Aim of the exercise — Going through the data below, find how many lines include the word "will", and reply with that number alone.

Given data —
============================================================
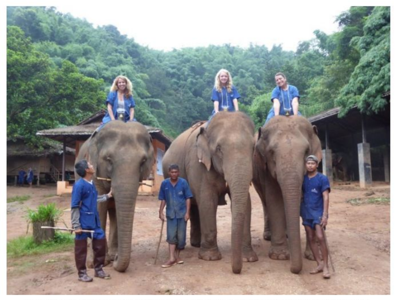
Riding elephants at the Anantara Golden Triangle Elephant Camp and Resort in Chiang Rai, Thailand.

Thailand - Hiking To Temples, Riding Elephants And Chatting With Monks
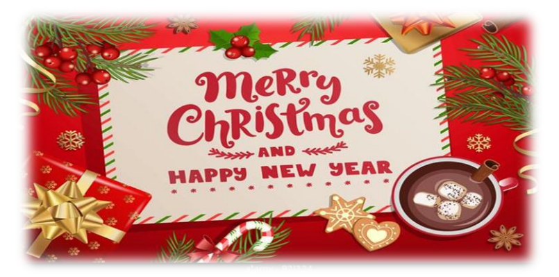
December 26, 2022 through January 3, 2023 the Church Office will be closed

If you would like to order Poinsettias in memory or honor of a loved one, we will include the information in our Christmas Eve Worship Bulletin. Please pick up an order form from the banister in the Narthex. Orders need to be turned in to the Secretary's Office no later than December 11<sup>th</sup> Thank You!
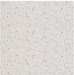
Precast Concrete White Granite Brushed
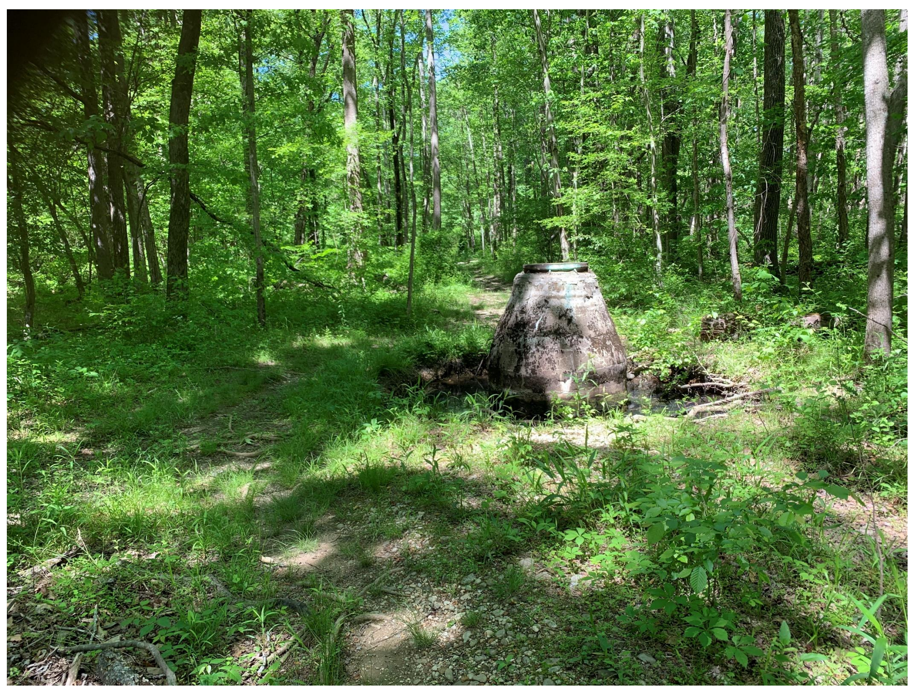
Sewer line on east side of Long Branch - These woods are already crisscrossed with human transportation infrastructure
============================================================
Output below — 2